A complete Noise protocol name bundles the pattern with its primitives, like Noise_XX_25519_ChaChaPoly_SHA256. That reads as: the XX pattern, Curve25519 for DH, ChaCha20-Poly1305 for authenticated encryption, and SHA-256 for hashing. Swap any component and you get a different, fully specified protocol.
WireGuard: Noise in the Wild
WireGuard is the most visible Noise deployment. Its handshake is built on Noise_IKpsk2 — the IK pattern (each peer pre-configures the other's static public key, exactly how WireGuard config files list a peer's PublicKey), with an optional pre-shared key mixed in as a post-quantum hedge (that's the psk2 part).
This choice explains a lot of WireGuard's character. Because IK assumes you already know the peer's static key, WireGuard has no certificate authorities, no negotiation of cipher suites, and no downgrade surface — there's nothing to negotiate. The cryptographic primitives are fixed: Curve25519, ChaCha20-Poly1305, BLAKE2s. That rigidity is precisely why WireGuard's codebase is a few thousand lines instead of TLS's hundreds of thousands.
The absence of choice is a security feature. Every option in a handshake is a potential downgrade attack; Noise lets a designer commit to exactly one combination and prove what it provides. — the design philosophy shared by WireGuard and Noise
Who Else Uses It
Noise quietly underpins a lot of infrastructure:
- WhatsApp uses Noise Pipes for the client-to-server transport channel (separate from the Signal Protocol that protects message contents end-to-end).
- The Lightning Network (Bitcoin's payment layer) specifies
Noise_XKfor connections between nodes, in its BOLT 8 transport spec. - Slack's Nebula overlay-networking tool and the I2P anonymity network both build on Noise handshakes.
The common thread is engineers who needed a secure transport but had no appetite for inventing one — or for dragging in the full weight of TLS where its flexibility wasn't needed.
The Three State Machines
Implementations organize around three nested objects, which is useful to know if you ever read Noise source code:
- CipherState — holds a symmetric key and a nonce counter; encrypts and decrypts individual messages.

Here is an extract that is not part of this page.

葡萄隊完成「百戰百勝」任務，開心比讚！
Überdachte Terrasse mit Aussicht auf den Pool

- SymmetricState — wraps a CipherState plus the chaining key and a running handshake hash; this is what absorbs each DH result.
- HandshakeState — wraps the SymmetricState plus all the local and remote keys; this is what actually walks through the token list.

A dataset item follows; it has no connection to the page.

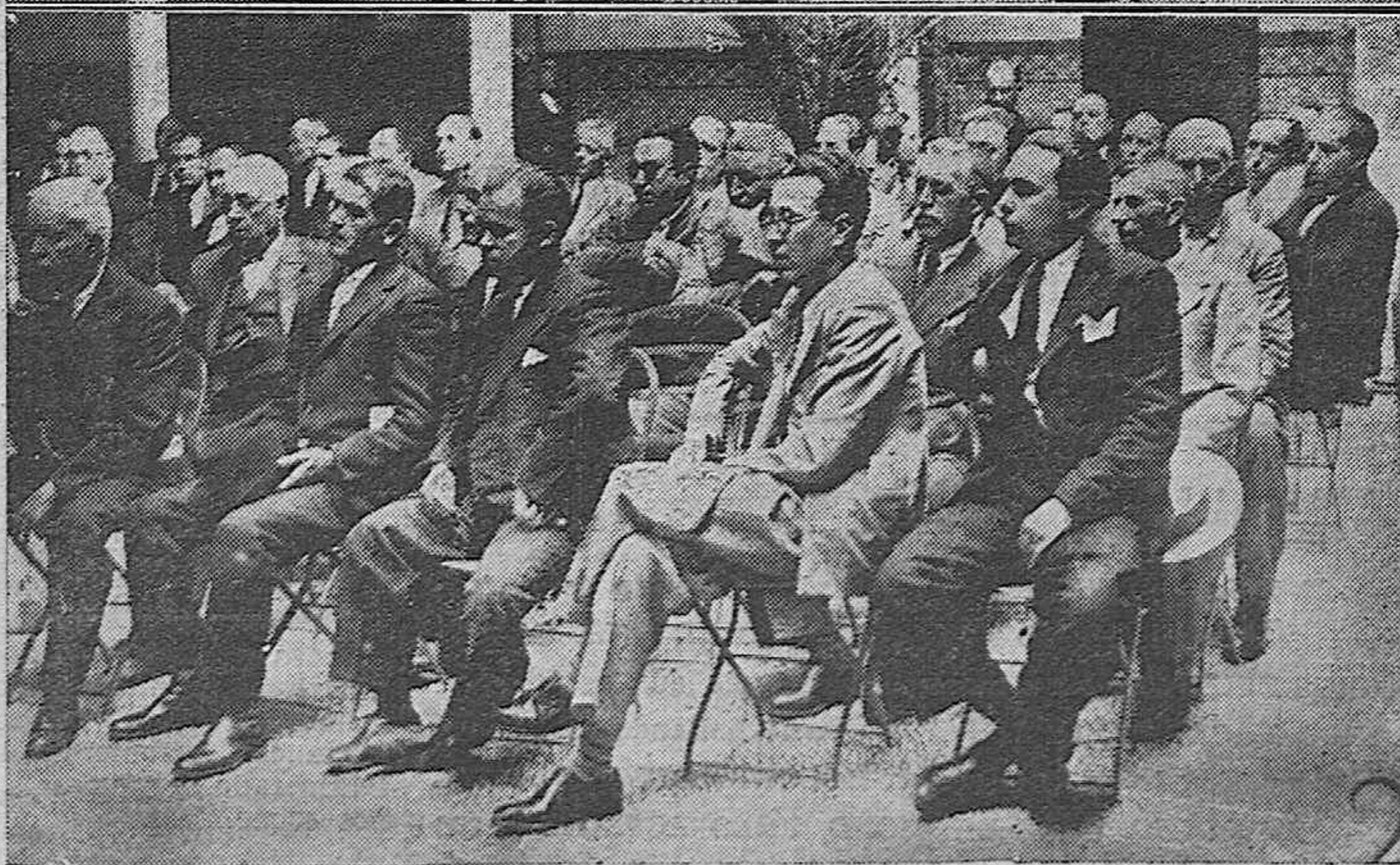
Arriba: Presidencia de la Asamblea Provincial de Alcaldes de la provincia celebrada hoy en la Diputación. El alcalde de Córdoba durante su discurso. Abajo: Una vista lateral de la Asamblea.

When the handshake finishes, the HandshakeState "splits" into two CipherStates — one for each direction of traffic — and the transport phase begins. From there it's ordinary authenticated encryption with a per-message AEAD nonce, and the careful nonce discipline that implies (see our note on nonce reuse for why that matters).

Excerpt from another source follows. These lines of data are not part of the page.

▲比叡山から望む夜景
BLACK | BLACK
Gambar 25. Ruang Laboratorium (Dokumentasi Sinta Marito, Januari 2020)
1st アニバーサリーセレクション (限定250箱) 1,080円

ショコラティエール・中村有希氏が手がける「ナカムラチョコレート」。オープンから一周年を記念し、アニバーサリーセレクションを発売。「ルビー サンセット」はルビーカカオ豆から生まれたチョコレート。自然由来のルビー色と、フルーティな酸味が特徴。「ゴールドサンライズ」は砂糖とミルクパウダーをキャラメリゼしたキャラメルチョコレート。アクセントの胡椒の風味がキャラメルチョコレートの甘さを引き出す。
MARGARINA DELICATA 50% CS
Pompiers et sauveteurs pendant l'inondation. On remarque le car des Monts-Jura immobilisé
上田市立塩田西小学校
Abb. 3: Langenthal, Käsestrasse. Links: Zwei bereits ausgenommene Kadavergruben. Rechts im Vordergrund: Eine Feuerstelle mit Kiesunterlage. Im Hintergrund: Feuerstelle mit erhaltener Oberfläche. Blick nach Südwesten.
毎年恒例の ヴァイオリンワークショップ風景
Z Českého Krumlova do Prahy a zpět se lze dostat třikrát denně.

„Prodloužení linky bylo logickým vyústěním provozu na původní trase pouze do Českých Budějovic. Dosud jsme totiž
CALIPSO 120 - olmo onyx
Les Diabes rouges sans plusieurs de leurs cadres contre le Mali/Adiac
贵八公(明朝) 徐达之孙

Why It's a Good Model to Learn
You don't need to be writing protocol code to benefit from understanding Noise. It teaches a transferable instinct: when you evaluate a secure system, ask what handshake it uses and whether that handshake is a named, analyzed construction or a bespoke one. "We rolled our own key exchange" should raise an eyebrow in a way that "we use Noise_IK" or "we use TLS 1.3" does not.
The framework's real contribution is cultural as much as technical: it made "describe your handshake precisely and prove its properties" the default expectation rather than an academic luxury. For a field where the failures are silent and the stakes are everything, that's a meaningful shift — and it's why a notation of six little tokens ended up inside the VPN and the messenger you probably used today.